**Required action:**
Return nothing but the lines from the one with "また、中継輸送に次ぐ取り組み" through the one with "Обои Версаль в" in the data below, word for word and without pictures.

**Source data:**
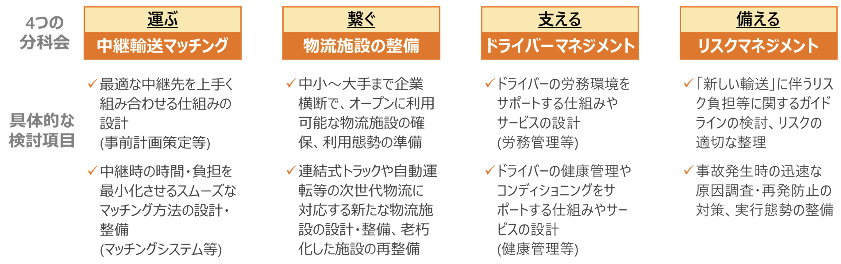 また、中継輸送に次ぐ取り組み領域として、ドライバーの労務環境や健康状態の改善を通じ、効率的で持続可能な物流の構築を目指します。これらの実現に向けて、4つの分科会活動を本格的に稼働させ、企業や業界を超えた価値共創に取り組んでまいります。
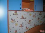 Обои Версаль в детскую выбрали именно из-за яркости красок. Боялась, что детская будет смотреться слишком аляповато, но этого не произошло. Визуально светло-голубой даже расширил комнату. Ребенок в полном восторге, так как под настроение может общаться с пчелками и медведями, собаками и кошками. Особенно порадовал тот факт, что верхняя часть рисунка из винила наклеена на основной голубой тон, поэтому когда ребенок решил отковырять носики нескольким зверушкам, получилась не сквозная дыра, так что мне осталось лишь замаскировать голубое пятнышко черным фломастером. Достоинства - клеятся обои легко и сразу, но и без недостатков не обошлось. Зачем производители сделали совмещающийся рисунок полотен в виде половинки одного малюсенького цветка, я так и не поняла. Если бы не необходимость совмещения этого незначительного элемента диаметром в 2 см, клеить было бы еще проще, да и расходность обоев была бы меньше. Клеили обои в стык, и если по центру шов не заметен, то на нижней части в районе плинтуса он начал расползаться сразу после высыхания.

---

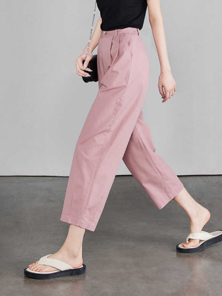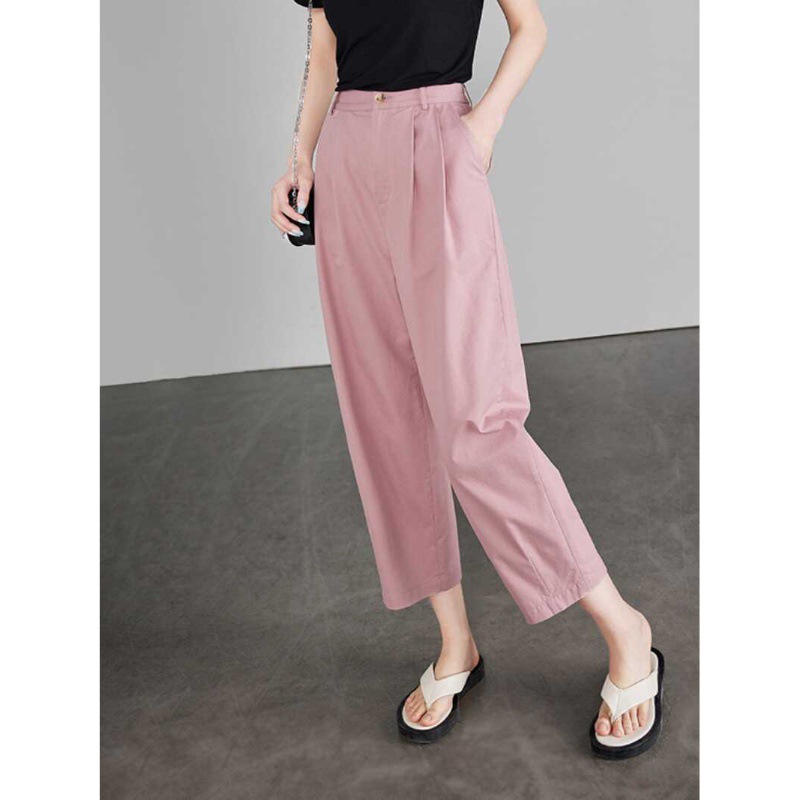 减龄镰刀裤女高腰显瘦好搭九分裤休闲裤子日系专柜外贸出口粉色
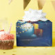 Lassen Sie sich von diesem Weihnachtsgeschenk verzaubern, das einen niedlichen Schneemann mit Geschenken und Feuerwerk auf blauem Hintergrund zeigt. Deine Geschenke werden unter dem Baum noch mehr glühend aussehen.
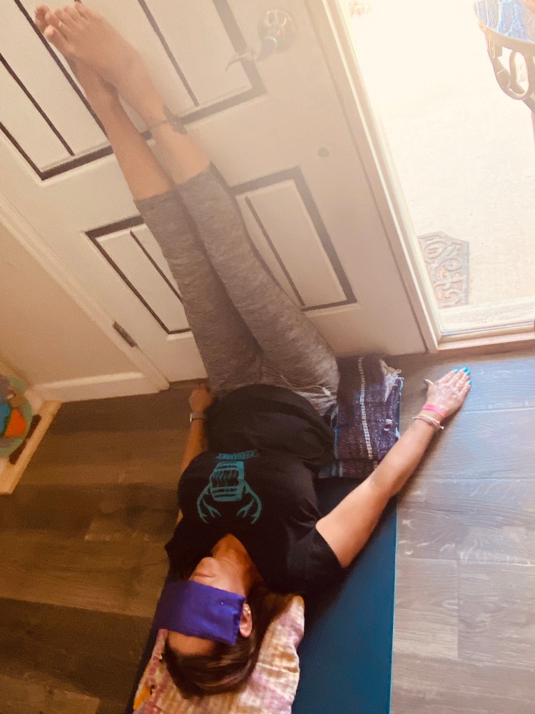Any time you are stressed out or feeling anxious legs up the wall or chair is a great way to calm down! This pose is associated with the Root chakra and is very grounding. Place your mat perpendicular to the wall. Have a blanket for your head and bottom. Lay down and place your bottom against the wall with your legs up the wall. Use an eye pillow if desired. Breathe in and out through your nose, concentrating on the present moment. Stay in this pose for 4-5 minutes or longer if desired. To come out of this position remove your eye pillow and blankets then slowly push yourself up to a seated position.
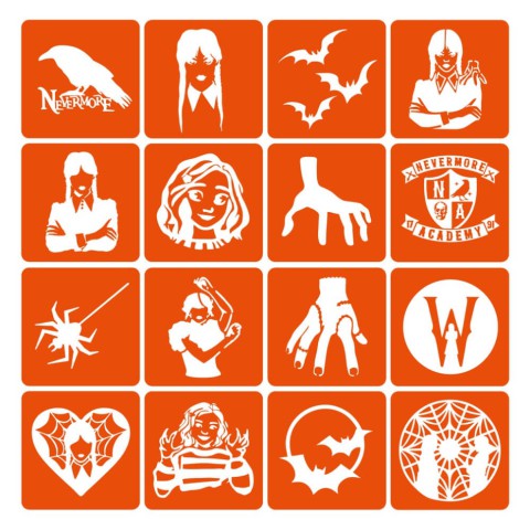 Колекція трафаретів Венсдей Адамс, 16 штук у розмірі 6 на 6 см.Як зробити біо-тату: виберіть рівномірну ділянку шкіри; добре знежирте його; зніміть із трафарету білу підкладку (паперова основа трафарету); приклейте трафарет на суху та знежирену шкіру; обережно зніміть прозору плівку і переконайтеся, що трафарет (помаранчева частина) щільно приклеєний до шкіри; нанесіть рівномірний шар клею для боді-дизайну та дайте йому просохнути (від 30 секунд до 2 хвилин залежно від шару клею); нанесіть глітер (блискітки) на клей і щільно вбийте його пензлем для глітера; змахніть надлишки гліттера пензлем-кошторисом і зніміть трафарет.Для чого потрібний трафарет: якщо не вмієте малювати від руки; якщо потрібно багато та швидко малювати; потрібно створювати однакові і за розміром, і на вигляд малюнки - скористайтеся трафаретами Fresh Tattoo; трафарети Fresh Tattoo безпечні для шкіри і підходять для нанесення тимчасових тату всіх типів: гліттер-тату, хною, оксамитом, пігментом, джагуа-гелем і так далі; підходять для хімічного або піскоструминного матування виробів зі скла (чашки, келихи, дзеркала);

---

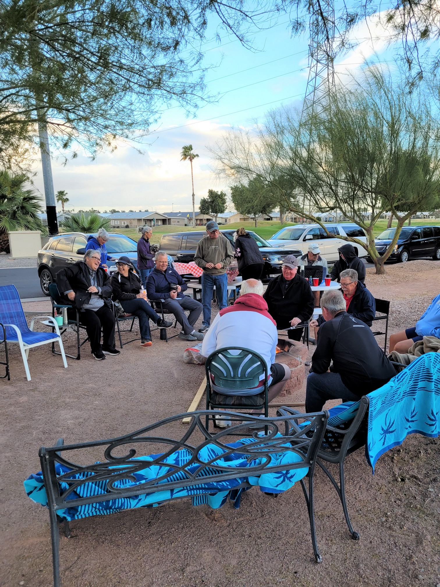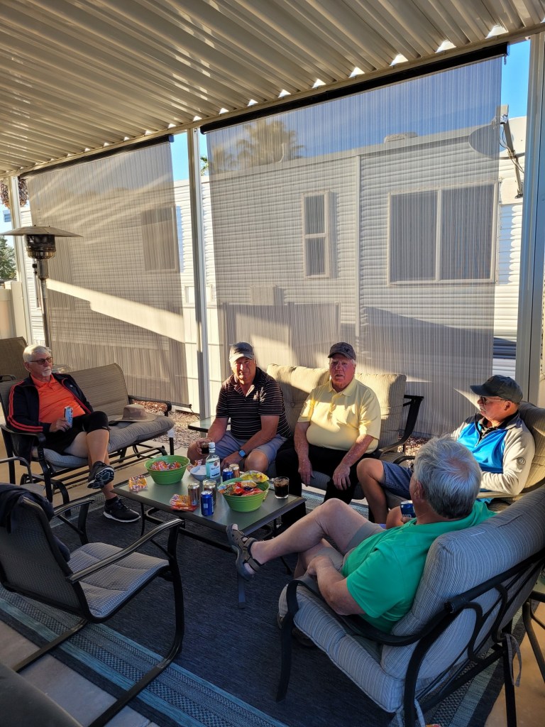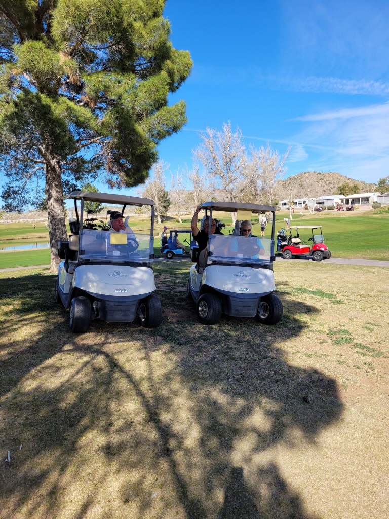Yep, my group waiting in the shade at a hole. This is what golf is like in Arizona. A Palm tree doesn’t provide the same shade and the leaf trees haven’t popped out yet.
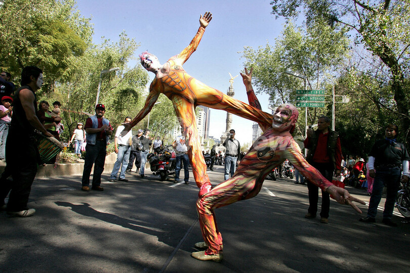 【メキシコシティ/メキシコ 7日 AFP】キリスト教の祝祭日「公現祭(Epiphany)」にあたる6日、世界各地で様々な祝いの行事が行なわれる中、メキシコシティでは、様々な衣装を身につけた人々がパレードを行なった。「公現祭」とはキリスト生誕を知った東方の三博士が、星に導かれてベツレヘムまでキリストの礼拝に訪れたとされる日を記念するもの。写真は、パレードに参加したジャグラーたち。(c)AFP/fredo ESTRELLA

**Solution to the problem:**
 また、中継輸送に次ぐ取り組み領域として、ドライバーの労務環境や健康状態の改善を通じ、効率的で持続可能な物流の構築を目指します。これらの実現に向けて、4つの分科会活動を本格的に稼働させ、企業や業界を超えた価値共創に取り組んでまいります。
 Обои Версаль в детскую выбрали именно из-за яркости красок. Боялась, что детская будет смотреться слишком аляповато, но этого не произошло. Визуально светло-голубой даже расширил комнату. Ребенок в полном восторге, так как под настроение может общаться с пчелками и медведями, собаками и кошками. Особенно порадовал тот факт, что верхняя часть рисунка из винила наклеена на основной голубой тон, поэтому когда ребенок решил отковырять носики нескольким зверушкам, получилась не сквозная дыра, так что мне осталось лишь замаскировать голубое пятнышко черным фломастером. Достоинства - клеятся обои легко и сразу, но и без недостатков не обошлось. Зачем производители сделали совмещающийся рисунок полотен в виде половинки одного малюсенького цветка, я так и не поняла. Если бы не необходимость совмещения этого незначительного элемента диаметром в 2 см, клеить было бы еще проще, да и расходность обоев была бы меньше. Клеили обои в стык, и если по центру шов не заметен, то на нижней части в районе плинтуса он начал расползаться сразу после высыхания.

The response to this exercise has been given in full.